Rewiring Host Lipid Metabolism by Large Viruses Determines the Fate of Emiliania huxleyi, a Bloom-Forming Alga in the Ocean.

作者信息

Rosenwasser Shilo, Mausz Michaela A, Schatz Daniella, Sheyn Uri, Malitsky Sergey, Aharoni Asaph, Weinstock Eyal, Tzfadia Oren, Ben-Dor Shifra, Feldmesser Ester, Pohnert Georg, Vardi Assaf

机构信息

Department of Plant Sciences, Weizmann Institute of Science, Rehovot 7610001, Israel.

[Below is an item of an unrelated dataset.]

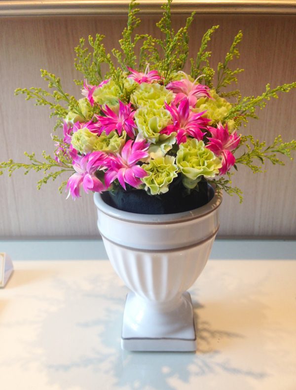 そして、実は受付にも、フラワーアレンジメントが飾られて
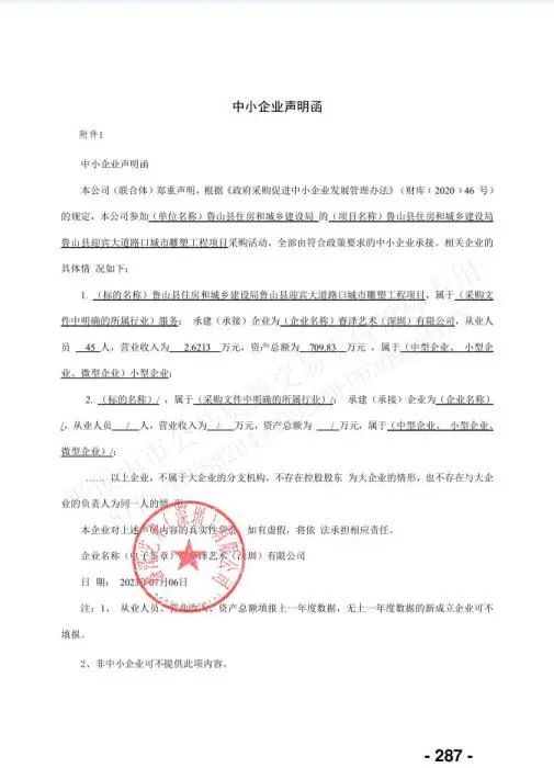 中标公告所附的中小企业声明函显示,睿泽艺术(深圳)有限公司从业人员45人,营业收入2.6213万元,资产总额为709.83万元。

Institute of Inorganic and Analytical Chemistry/Bioorganic Analytics, Friedrich Schiller University Jena, 07743 Jena, Germany Leibniz Institute for Natural Product Research and Infection Biology, Hans Knöll Institute, 07745 Jena, Germany.

出版信息

Plant Cell. 2014 Jun;26(6):2689-2707. doi: 10.1105/tpc.114.125641. Epub 2014 Jun 10.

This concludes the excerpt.